In Spark, recommendation system can be built with the ALS (Alternating Least Squares) class that has simple train() and predict() interfaces.

The predictor takes the data in format (userId, movieId) and returns Rating(userId, movieId, rating). To make the results human-readable, we need an additional structure that stores the mapping of movieId to movieTitle

To evaluate the benefit of this system, we compare the result with a baseline. The baseline for this task is the average rating for a given movie. We need a data structure that stores the mapping of movieId to averageRating.

Read the code. Understand how the program works.

Complete the code

Implement parseTitle and rmse(test: RDD[Rating], prediction: scala.collection.Map[Int, Double])

spark-submit --master yarn spark-recommendation.jar hdfs:///movielens-mod -user false

Run with Your Movie Preferences

spark/bin/spark-submit --master yarn spark-recommendation.jar hdfs:///movielens-mod -user true

executing this command will allow you to specify your own movie preferences and get recommendations after the model has finished training.

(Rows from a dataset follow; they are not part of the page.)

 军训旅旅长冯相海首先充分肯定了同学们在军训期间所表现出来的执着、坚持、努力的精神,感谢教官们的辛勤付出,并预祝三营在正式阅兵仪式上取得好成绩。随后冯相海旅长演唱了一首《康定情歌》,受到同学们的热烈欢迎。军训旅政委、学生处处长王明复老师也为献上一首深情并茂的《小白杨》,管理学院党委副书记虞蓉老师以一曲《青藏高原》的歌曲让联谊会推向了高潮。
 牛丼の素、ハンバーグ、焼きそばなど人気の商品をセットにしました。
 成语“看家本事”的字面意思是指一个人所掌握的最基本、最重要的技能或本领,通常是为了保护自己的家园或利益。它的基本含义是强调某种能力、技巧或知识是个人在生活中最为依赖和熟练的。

The dataset is not very large. You can run the application locally if you have sufficient resources.

Post-processing of Recommendations

Currently, the list of recommendations can include the movies that the user has already graded. Modify the program such that these movies are filtered. You can use either set difference or RDD's filter methods.

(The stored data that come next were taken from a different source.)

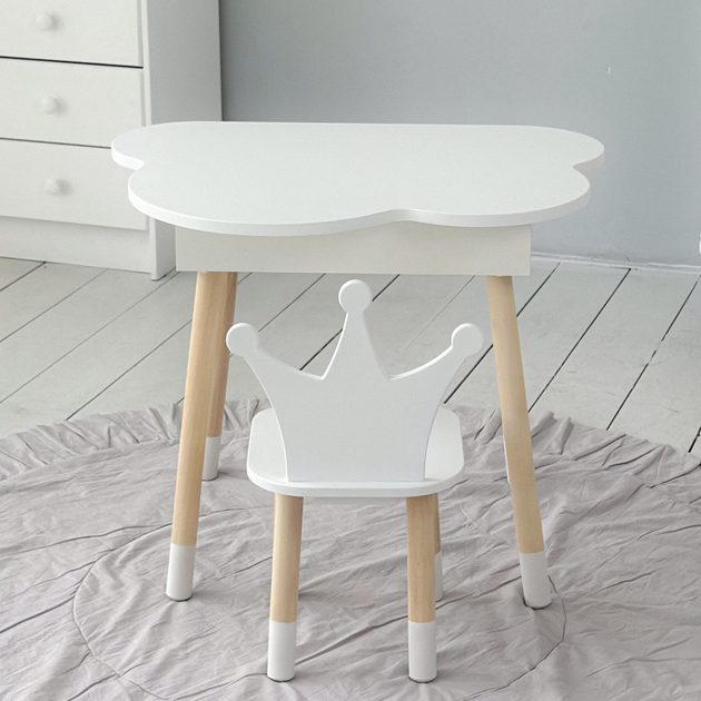 Дитячий білий столик хмаринка з нішею і стільчик корона біла 85295
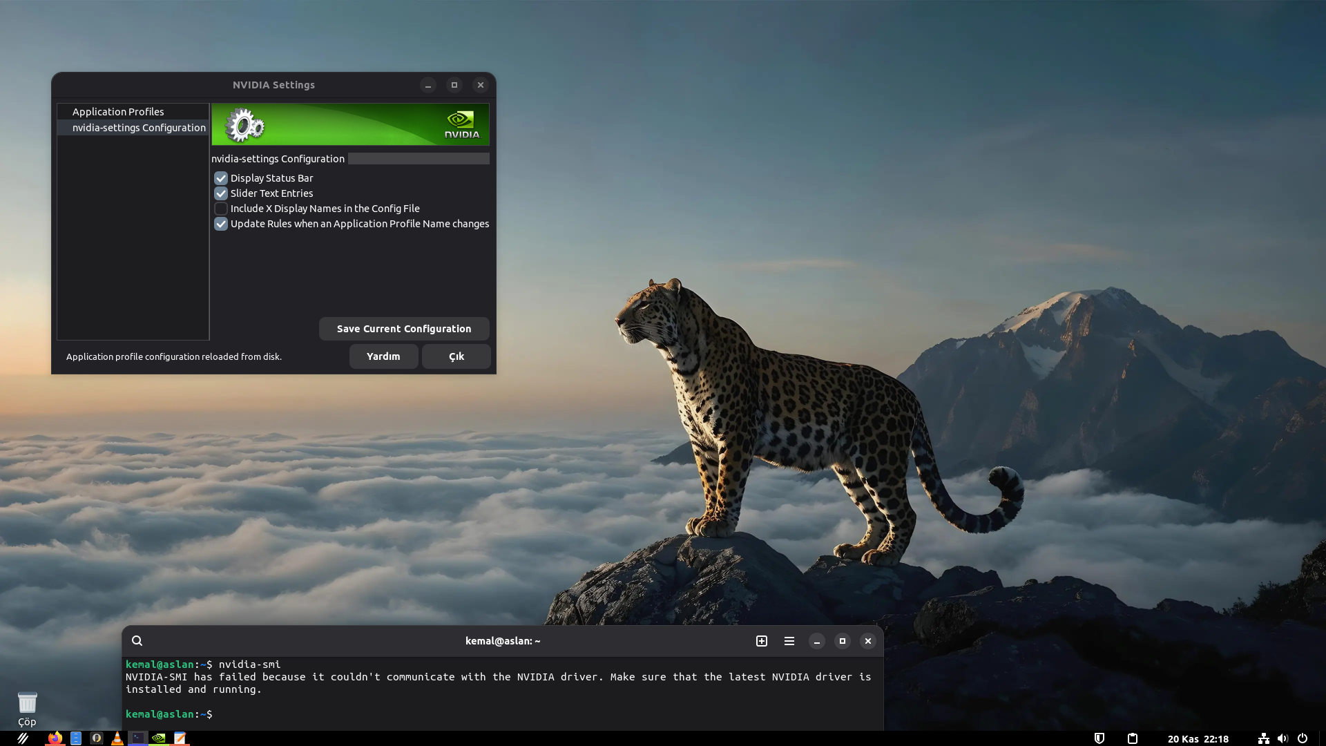 Nvidia Settings'i normal kurdum ve yeniden başlattım.
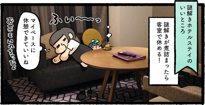 「謎解きってほぼスポーツなので(※個人的な意見です)、意外と疲れるんですよね。謎解きゲームの最中にこんなにしっかり休憩できるのは珍しい! 私は備え付けのお茶セットであったかい煎茶を飲んじゃいました。謎解き中とは思えないリラックス感…」(カメダ)
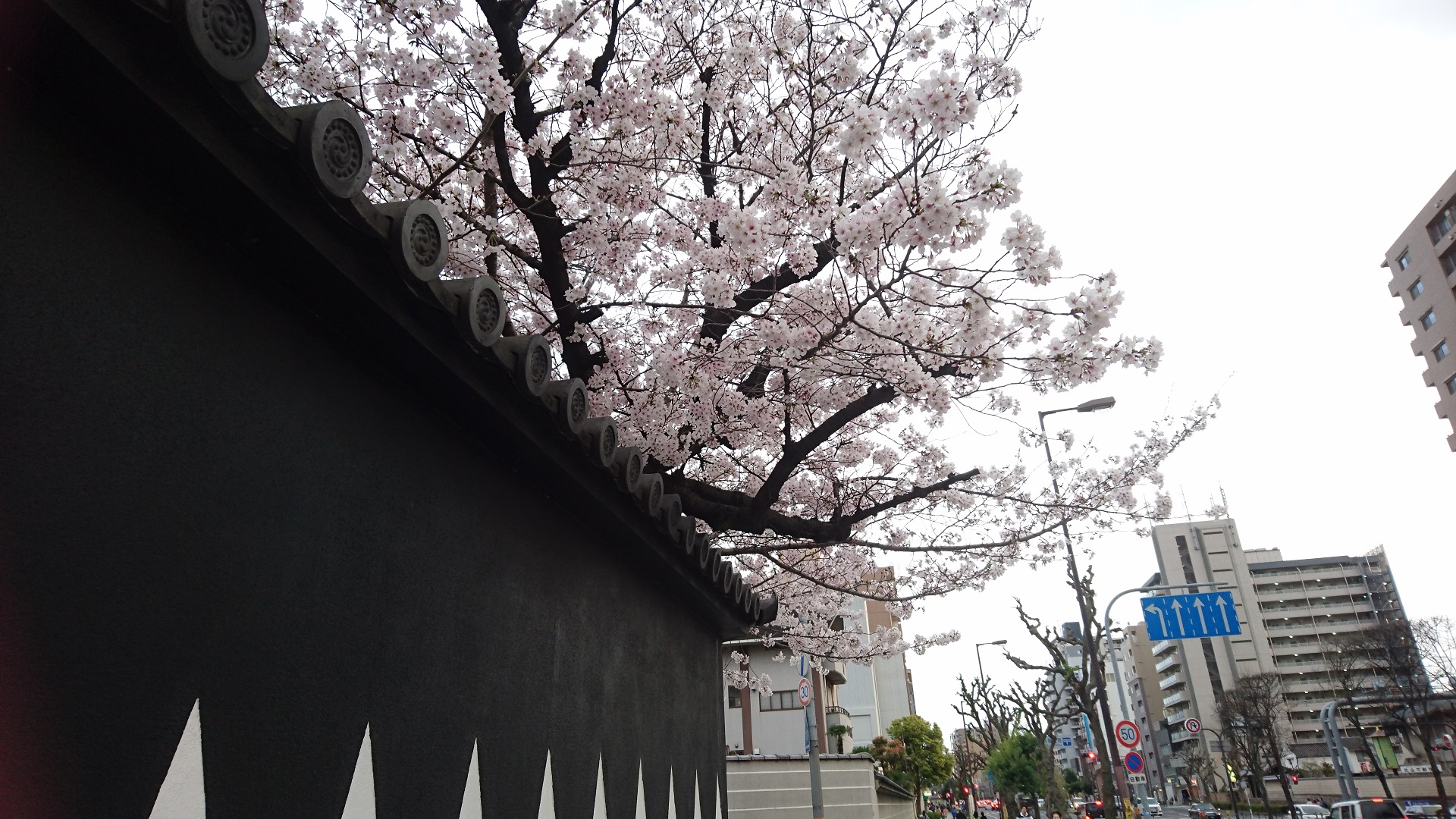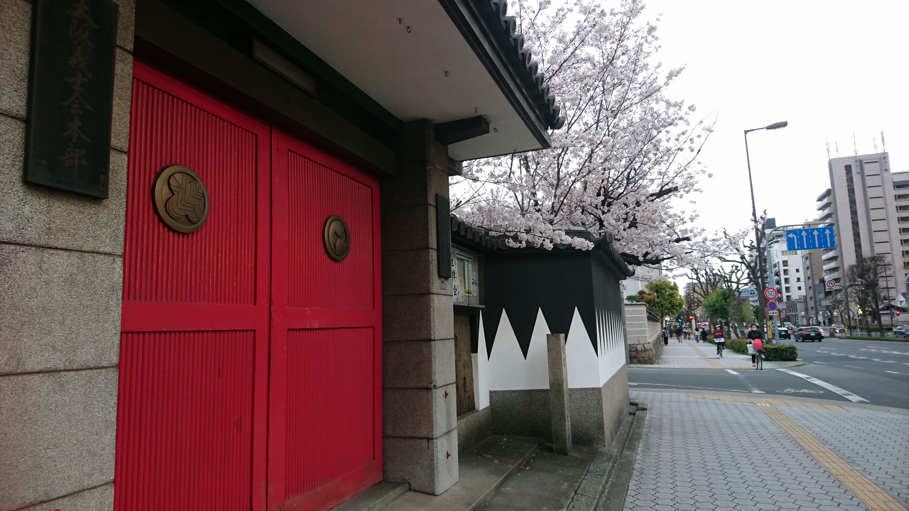 赤い門と外壁のギザギザ模様が特徴的で、その外壁を超えんばかりの桜。このコントラストがとても綺麗でした。

Load Your Movie Preferences

Your movie preferences were saved into the file user_rating.tsv. Write a method or class that will load this data instead of surveying the user every time.

Change the Rank of the Model

Try different model ranks. A higher rank leads to a more complex model. Compare the difference between baseline and prediction for a model with a higher rank. Evaluate the quality of the proposed movies subjectively.

Extra Filtering

You might have noticed that the recommendations are not very great. The reason is that the model cannot compute confident representations for infrequent movies. Modify the program in such a way that low-frequency items (movies with less than 50-100 ratings) are excluded from the training and recommendation process.

Reference

Help with Scala
Scala Book
RDD partitioning 1
Stack overflow during execution 1
History Server 1

Self-Check Questions

What does sc.parallelize do?
What does collectAsMap do?
What is the difference between foreach and map?
What is pattern matching in Scala?

Troubleshooting

Sbt compilation error

There are issues compiling scala libraries with Java 9 and above. If you see an error during compilation, try downgrading to Java 8.

Missing Winutils

There is a known issue with Spark on Windows, that it requires winutils.exe. The solution can be found here.

Memory Issues

If you experience issues with memory, try to partition dataset into larger chunks

val data = data.repartition(number_of_partitions)

Creating more partitions is equivalent to reducing the size of input data per partition, and reducing memory requirements for map tasks.

Appendix

Including Dependencies

When you configure artifact with IDE, you need to specify the dependencies. There is absolutely no need to include all the dependencies in the jar container, and you should merely add dependencies to the manifest.